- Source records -
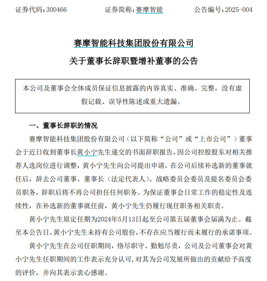 赛摩智能指出,为保证董事会日常工作的稳定性及连续性,在补选新的董事就任前,黄小宁仍履行现任职务相关职责。黄小宁原定任期为2024年5月13日起至公司第五届董事会届满为止。截至本公告日,黄小宁未持有公司股份,不存在应当履行而未履行的承诺事项。
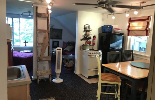 This is a century old Victorian home, located on a tranquil lot with panoramic views of Muskegon Lake. This upper boutique flat has all the modern amenities. This rental has a private entrance, 3 spacious bedrooms, large dining area, comfy living room with cable TV, WIFI, large flat screen TV and a huge picturesque view of Muskegon Lake. Dining area includes stove, refrigerator with freezer, leaf available for dining table, microwave, coffee maker, toaster.... all the accoutrements needed for kitchens. Full walk- in shower, with clean towels & linens provided. This vacation rental is ready for instant relaxation! The entire second story, with all safety measures included - fire ladder for 2nd exit, fire extinguisher, hard- wired smoke & carbon monoxide detectors, all to ensure complete safety of your family & friends.
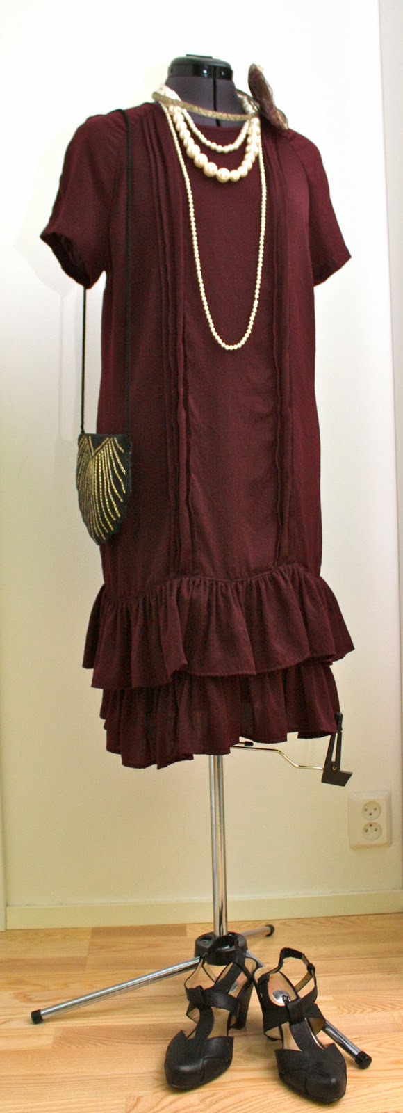 Helmet olivat täyttä rihkamaa, hommattu aikoja sitten jostain ruotsalaisesta halpavaateketjusta ja palvelleet ties kuinka monissa kemuissa, niin TKK 100 vuotta -juhlassa kuin mafiateemaisissa pikkujouluissakin. Kukallinen pääkoriste on itse tehty, näpersin sen Great Gatsby -teemaisiin polttareihin.
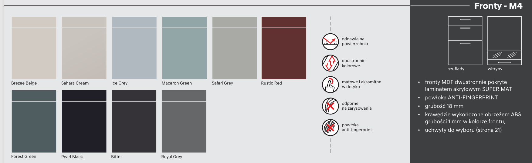 Blenda zabudowy narożnej Kammono. Wykonana z płyty laminowanej, co gwarantuje jej trwałość i odporność na uszkodzenia. Bogata oferta szafek sprawia, że każdy umebluje swoją kuchnie w swój sposób.
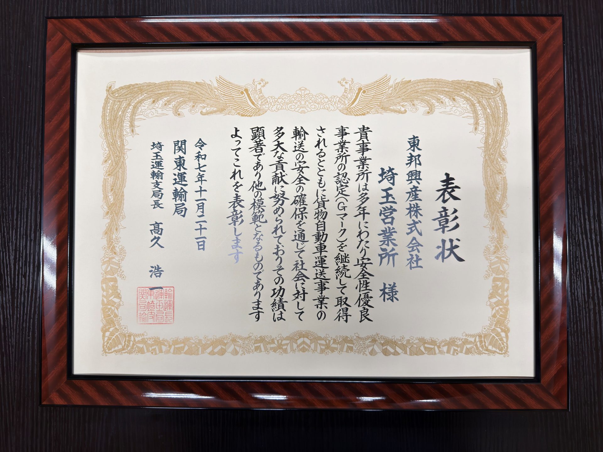 当社埼玉営業所は、「安全性優良事業所(Gマーク)」認定を継続取得し、表彰されました。今後も安全と品質の向上に努めてまいります。
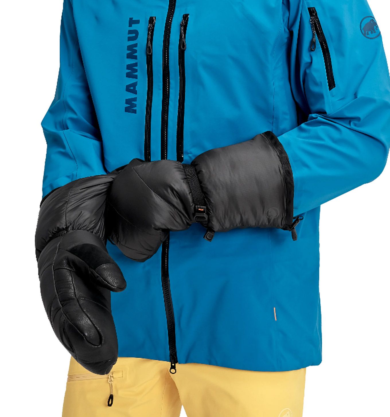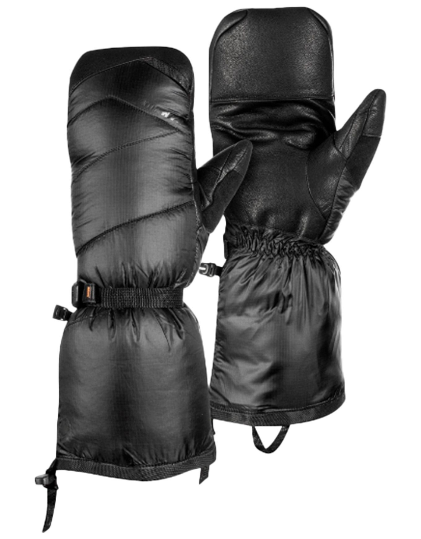 Moufles d’alpinisme Mammut Arctic Mitten Black en Pertex® Quantum coupe-vent, isolation PrimaLoft® Gold, paumes cuir, dragonnes et poignets ajustables.
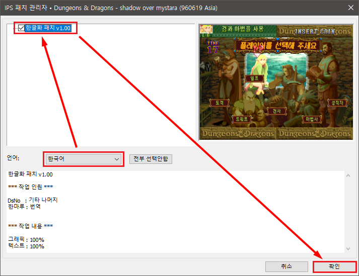 언어를 한국어로 선택 → "한글화 패치" 체크 → "확인" 버튼을 누릅니다.
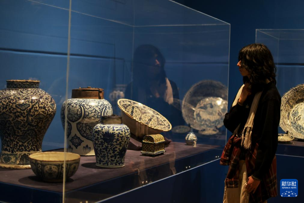 12月17日,在墨西哥首都墨西哥城举行的马尼拉大帆船主题展上,一名女子观看墨西哥当地陶器和中国明清时期瓷器。新华社记者 李梦馨 摄
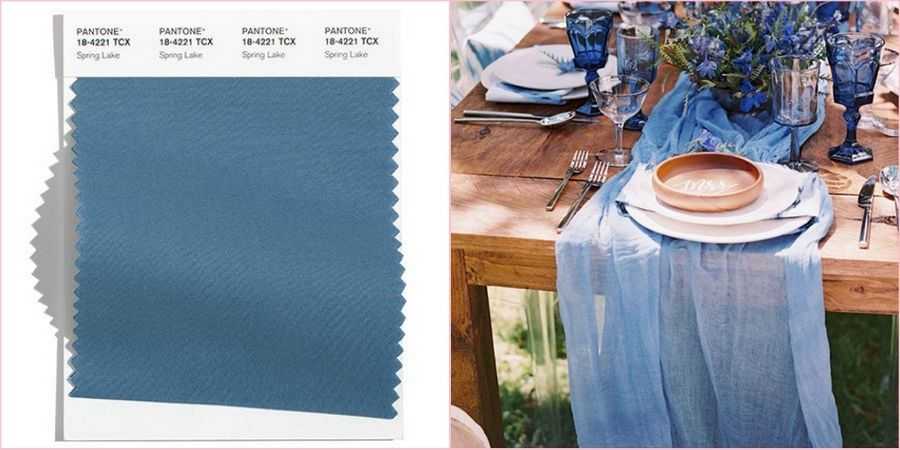 Нежный, спокойный оттенок голубого, умиротворяющий, будто вода в теплом озере. Прекрасно будет смотреться в роли главного цвета на Вашем свадебном торжестве.

- What is needed -
Omit all pictures, and repeat exactly the lines from the line containing "Moufles d’alpinisme Mammut" through the end of the data.

- Solved exercise -
 Moufles d’alpinisme Mammut Arctic Mitten Black en Pertex® Quantum coupe-vent, isolation PrimaLoft® Gold, paumes cuir, dragonnes et poignets ajustables.
 언어를 한국어로 선택 → "한글화 패치" 체크 → "확인" 버튼을 누릅니다.
 12月17日,在墨西哥首都墨西哥城举行的马尼拉大帆船主题展上,一名女子观看墨西哥当地陶器和中国明清时期瓷器。新华社记者 李梦馨 摄
 Нежный, спокойный оттенок голубого, умиротворяющий, будто вода в теплом озере. Прекрасно будет смотреться в роли главного цвета на Вашем свадебном торжестве.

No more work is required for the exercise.